Dagger's ergonomic interface is striking. If you have not used Julia before, you should know that parallelism is among the easiest in Julia among the many languages I have worked with. In some cases it is sufficient to use Threads.@threads in front of a for loop, and in others you may only need a lock and some minor adjustments for threads safety. Distributed processing across Julia processes is also quite easy. GPUs are easy to work with as well, and kernels can be written for arbitrary backends using KernelAbstractions.jl.

Dagger's scheduler is really interesting. If you've ever worked in multiprocess parallelism, you know that this means that memory is not shared across the processes in the same way that multithreading is. Moving memory across processes is costly, so it's advantageous to not do so unless you have to.

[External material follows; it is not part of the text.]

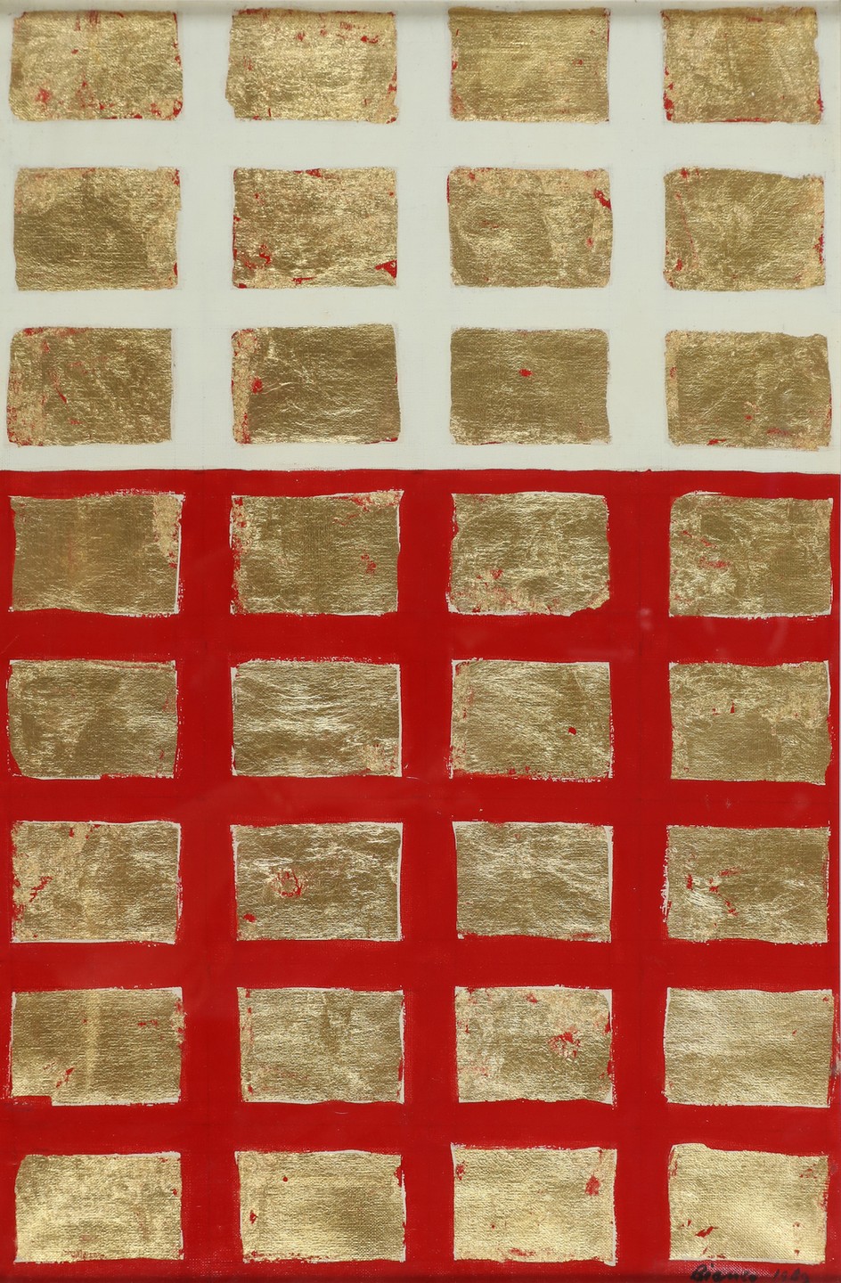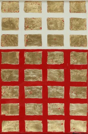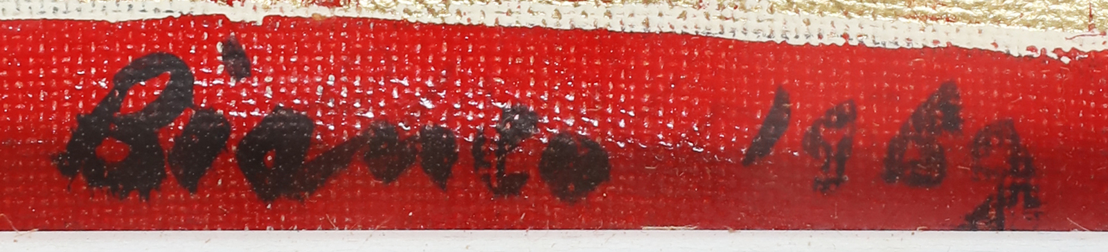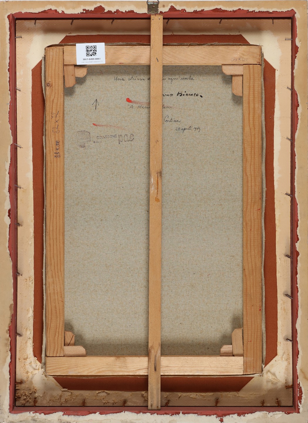 BIANCO REMO (1922 - 1990) Una striscia d'oro in ogni nube. 1969. Tecnica mista su tela. Cm 40,00 x 60,00. Firma e anno in basso a destra. Al retro titolo, firma, anno, dedica e timbro a cura della Collezione Pac, Brescia. Opera archiviata presso la Fondazione Bianco Remo, Milano come da documentazione allegata all'opera riportante il relativo numero d'inventario. La firma sul fronte non sembra autentica come riportato sull'archiviazione.. Cornice presente

Dagger has an interesting feature where it is aware of memory transfer costs and will intelligently move data between processes only when it is efficient to do so. I was pretty blown away by how easy it is to work with this stuff.

Arrays can be easily sharded across resources for distributed compute. Imagine working with massive tables across many machines, each of which is responsible for a sub-block of the matrix. It was easy to work with these.

There's also lots of work going into reducing scheduling overhead, performance, and an extremely cool functionality that resembles a much more ergonomic version of MPI that can help Dagger understand which resources are read-only and which are write-only. You can wait on syncronization points. The feature is still in development but I'm interested in following along.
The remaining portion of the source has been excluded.